I can use this to rewrite my divide example from Chapter 3. In that example, I had a subroutine to return the quotient of two numbers. In my made-up situation, I was passing it the wrong arguments, hence getting the wrong answer. Here’s my subroutine again:

sub divide {
    my( $n, $m ) = @_;
    my $quotient = $n / $m;
    }

Now I want to inspect the arguments before they go in, and see the return value before it comes back. If the actual arguments going in and the quotient match, then the subroutine is doing the right thing, but someone is using the wrong arguments.
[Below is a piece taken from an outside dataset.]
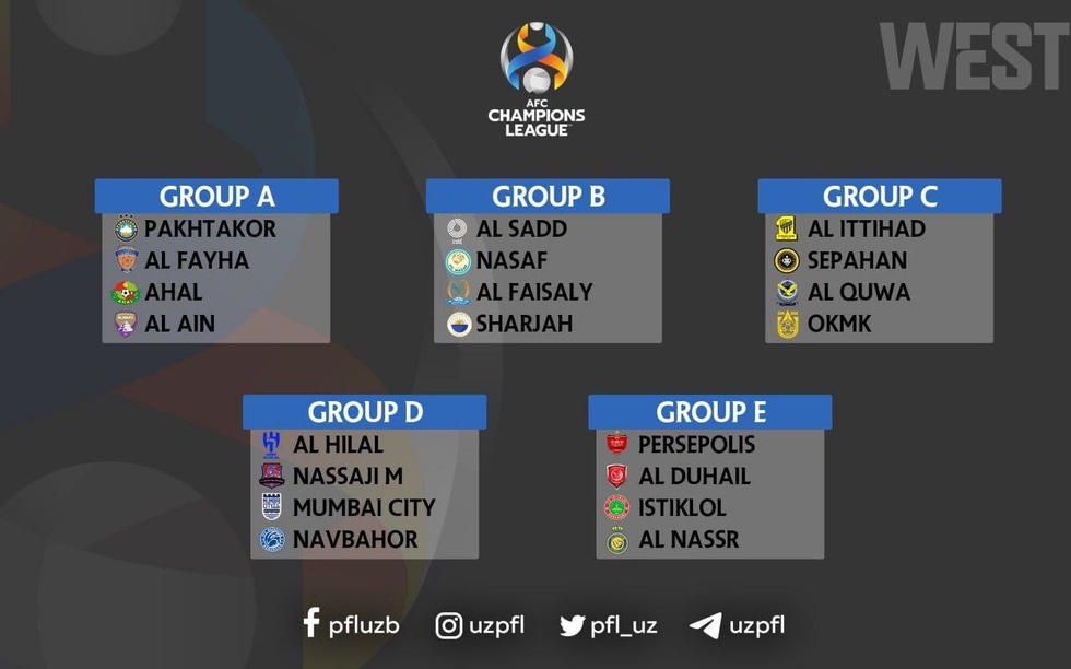 Ўзбекистоннинг “Пахтакор”, “Насаф”, “Навбаҳор” ва АГМК футбол клублари ОЧЛнинг 2023/2024 йилги мавсуми гуруҳ босқичидаги рақиблари номини билиб олди. АГМК таркибига Карим Бенземани қўшиб олган “Ал-Иттиҳод” билан, “Навбаҳор” эса Неймар билан шартнома тузган “Ал-Ҳилол” билан ўйнайдиган бўлди, деб хабар беради sport-platforma.uz.

If the arguments are right but the quotient is wrong, then the subroutine is wrong:

#!/usr/bin/perl

use Hook::LexWrap;

sub divide {
    my( $n, $m ) = @_;
    my $quotient = $n / $m;
    }

wrap 'divide',
    pre  => sub { print "The arguments are [@_]\n" },
    post => sub { print "Result was [$_[-1]]\n" };

my $result = divide( 4, 4 );

After I wrap the subroutine, I call divide as I normally would. More importantly, though, I’m not changing my program for calls to divide, because Hook::LexWrap does some magic behind the scenes to replace the subroutine definition so that my entire program sees the wrapped version. I’ve changed the subroutine without editing the original source. Without (apparently) changing the subroutine, whenever I call it I get a chance to see extra output:

The arguments are [4 4 ]
Result was [1]

When I remove the wrap, I leave everything just as I found it and don’t have to worry about reverting my changes.

I don’t have to change module code to change how a module works. For an object-oriented module, I can create a subclass to change the parts I don’t like. If I can’t subclass it for some reason, I can replace parts of it, just as I can with any other module. No matter what I do, however, I usually want to leave the original code alone (unless it’s my module and I need to fix it) so I don’t make the problem worse.

The perlboot documentation has an extended subclassing example, although this document was removed in v5.16. You can read it in earlier versions of Perl. It’s also in Intermediate Perl.

I talk about Hook::LexWrap in “Wrapping Subroutines to Trace Code Execution”, The Perl Journal, July 2005.

Code::Splice and Monkey::Patch are interesting alternatives to Hook::Lex::Wrap, but they are fairly young experiments.

The documentation of diff and patch discuss their use. The patch man page is particularly instructive since it contains a section near the end that talks about the pragmatic considerations of using the tools and dealing with other programmers.